------ Given data
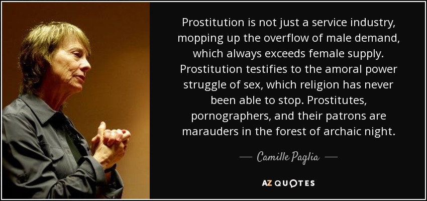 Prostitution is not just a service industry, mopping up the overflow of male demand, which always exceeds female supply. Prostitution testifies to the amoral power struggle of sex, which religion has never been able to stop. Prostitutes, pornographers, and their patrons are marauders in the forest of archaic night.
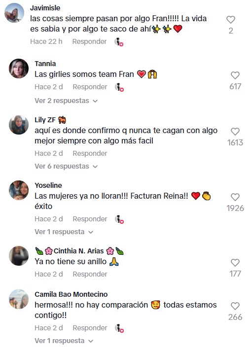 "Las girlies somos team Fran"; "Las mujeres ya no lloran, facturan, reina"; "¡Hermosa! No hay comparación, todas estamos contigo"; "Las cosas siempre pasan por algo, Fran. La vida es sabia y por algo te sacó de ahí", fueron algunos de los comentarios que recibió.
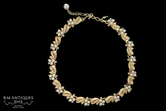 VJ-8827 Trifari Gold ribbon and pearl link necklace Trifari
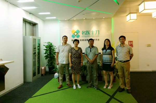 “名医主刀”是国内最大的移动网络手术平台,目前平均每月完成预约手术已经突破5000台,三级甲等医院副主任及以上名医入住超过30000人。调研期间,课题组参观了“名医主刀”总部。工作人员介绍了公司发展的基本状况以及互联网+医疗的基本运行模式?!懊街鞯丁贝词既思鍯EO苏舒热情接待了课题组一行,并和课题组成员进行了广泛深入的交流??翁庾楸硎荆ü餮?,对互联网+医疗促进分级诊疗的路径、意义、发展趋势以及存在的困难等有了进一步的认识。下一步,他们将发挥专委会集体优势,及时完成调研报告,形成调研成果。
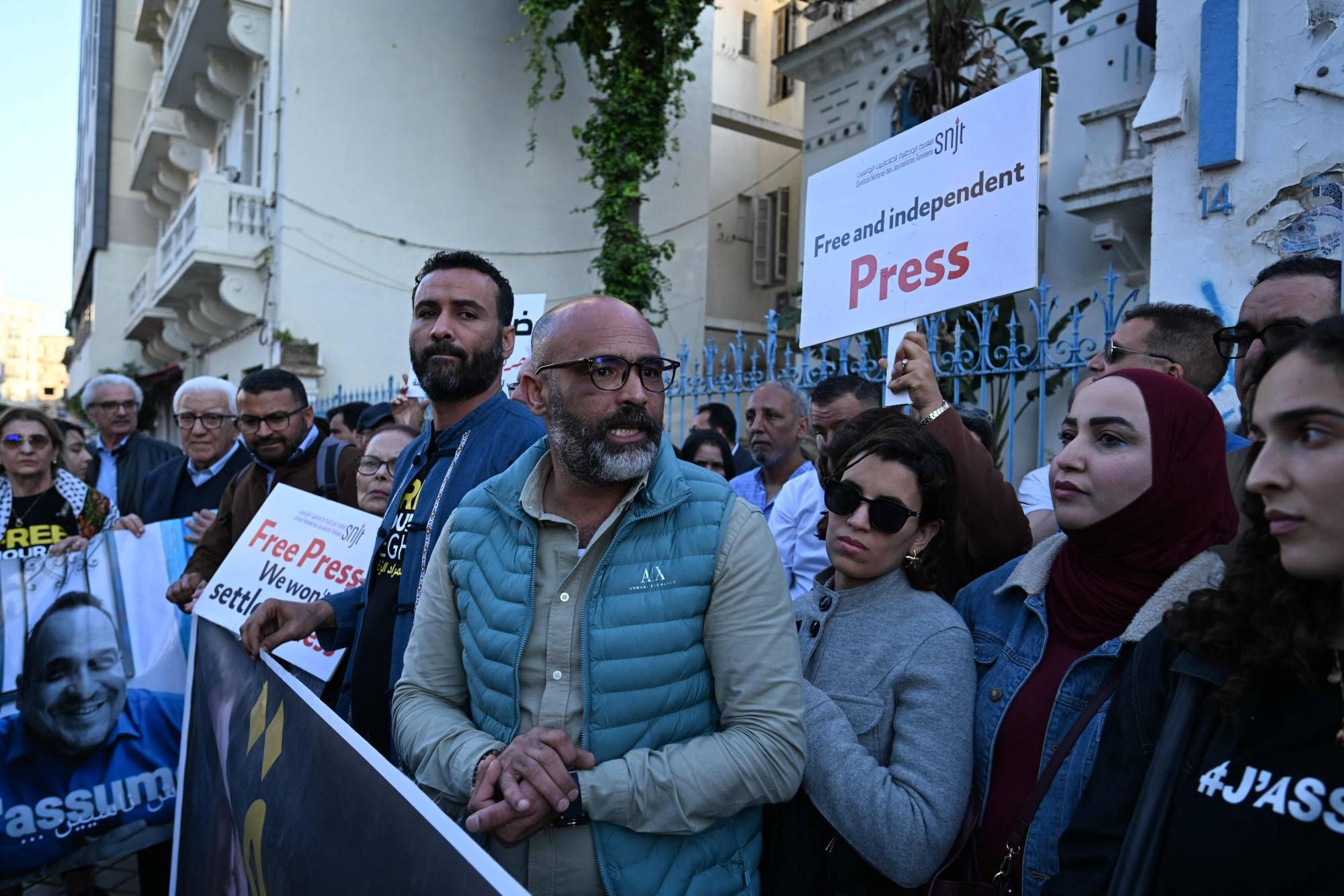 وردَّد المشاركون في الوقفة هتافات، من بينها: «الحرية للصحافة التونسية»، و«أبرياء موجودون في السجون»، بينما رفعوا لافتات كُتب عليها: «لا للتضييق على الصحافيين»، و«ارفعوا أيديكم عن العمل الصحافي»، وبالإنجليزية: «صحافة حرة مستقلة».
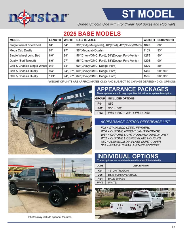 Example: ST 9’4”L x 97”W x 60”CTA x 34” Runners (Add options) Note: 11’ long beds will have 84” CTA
------------
------ Given data
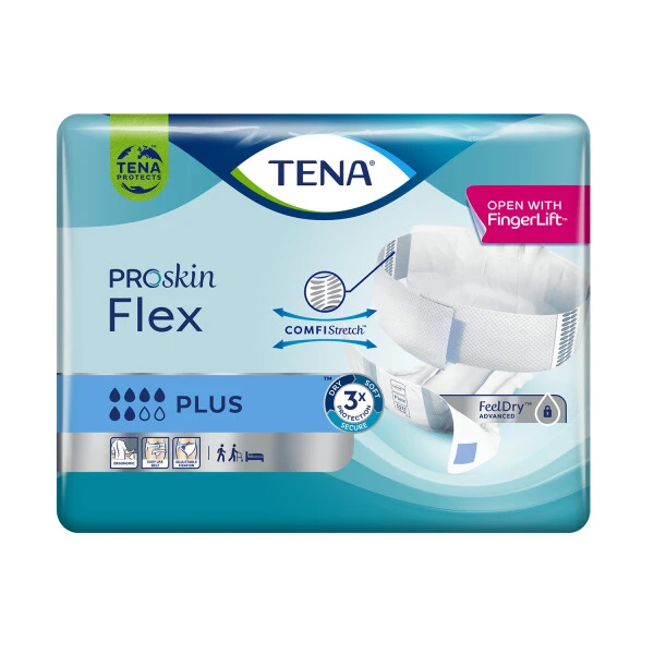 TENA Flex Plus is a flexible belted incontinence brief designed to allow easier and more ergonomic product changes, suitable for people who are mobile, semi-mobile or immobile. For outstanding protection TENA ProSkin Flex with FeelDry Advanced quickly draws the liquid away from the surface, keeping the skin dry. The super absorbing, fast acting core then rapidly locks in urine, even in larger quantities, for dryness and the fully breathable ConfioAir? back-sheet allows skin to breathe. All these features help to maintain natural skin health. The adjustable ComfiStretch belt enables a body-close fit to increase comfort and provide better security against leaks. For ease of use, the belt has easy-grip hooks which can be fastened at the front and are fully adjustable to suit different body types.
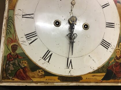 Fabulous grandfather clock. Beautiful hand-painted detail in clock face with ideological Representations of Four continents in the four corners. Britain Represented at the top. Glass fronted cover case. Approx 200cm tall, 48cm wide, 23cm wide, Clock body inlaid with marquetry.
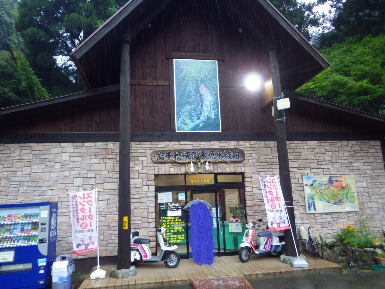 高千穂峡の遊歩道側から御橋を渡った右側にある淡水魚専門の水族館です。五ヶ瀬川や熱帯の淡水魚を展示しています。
------------
------ Given data
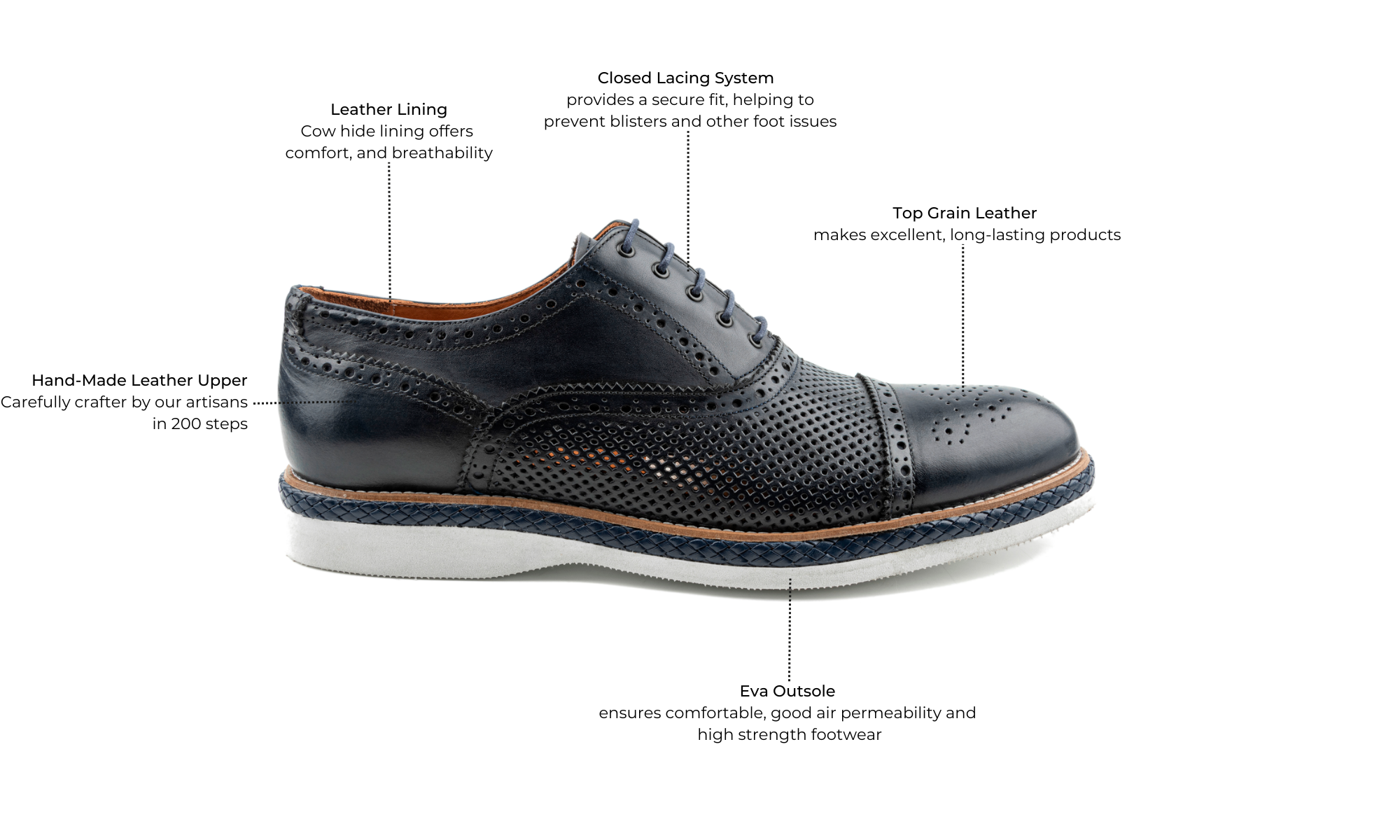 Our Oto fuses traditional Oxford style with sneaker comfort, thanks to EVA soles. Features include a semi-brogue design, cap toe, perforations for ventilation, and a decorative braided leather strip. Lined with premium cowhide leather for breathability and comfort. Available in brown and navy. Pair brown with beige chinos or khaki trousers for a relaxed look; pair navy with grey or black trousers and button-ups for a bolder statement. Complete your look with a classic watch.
------------
| Task to complete |
Although the records above contain pictures, the copy should not; retype exactly the lines from the one containing "Prostitution is not" through the one containing "Runners (Add options)".

| Answer to this problem |
 Prostitution is not just a service industry, mopping up the overflow of male demand, which always exceeds female supply. Prostitution testifies to the amoral power struggle of sex, which religion has never been able to stop. Prostitutes, pornographers, and their patrons are marauders in the forest of archaic night.
 "Las girlies somos team Fran"; "Las mujeres ya no lloran, facturan, reina"; "¡Hermosa! No hay comparación, todas estamos contigo"; "Las cosas siempre pasan por algo, Fran. La vida es sabia y por algo te sacó de ahí", fueron algunos de los comentarios que recibió.
 VJ-8827 Trifari Gold ribbon and pearl link necklace Trifari
 “名医主刀”是国内最大的移动网络手术平台,目前平均每月完成预约手术已经突破5000台,三级甲等医院副主任及以上名医入住超过30000人。调研期间,课题组参观了“名医主刀”总部。工作人员介绍了公司发展的基本状况以及互联网+医疗的基本运行模式?!懊街鞯丁贝词既思鍯EO苏舒热情接待了课题组一行,并和课题组成员进行了广泛深入的交流??翁庾楸硎荆ü餮?,对互联网+医疗促进分级诊疗的路径、意义、发展趋势以及存在的困难等有了进一步的认识。下一步,他们将发挥专委会集体优势,及时完成调研报告,形成调研成果。
 وردَّد المشاركون في الوقفة هتافات، من بينها: «الحرية للصحافة التونسية»، و«أبرياء موجودون في السجون»، بينما رفعوا لافتات كُتب عليها: «لا للتضييق على الصحافيين»، و«ارفعوا أيديكم عن العمل الصحافي»، وبالإنجليزية: «صحافة حرة مستقلة».
 Example: ST 9’4”L x 97”W x 60”CTA x 34” Runners (Add options) Note: 11’ long beds will have 84” CTA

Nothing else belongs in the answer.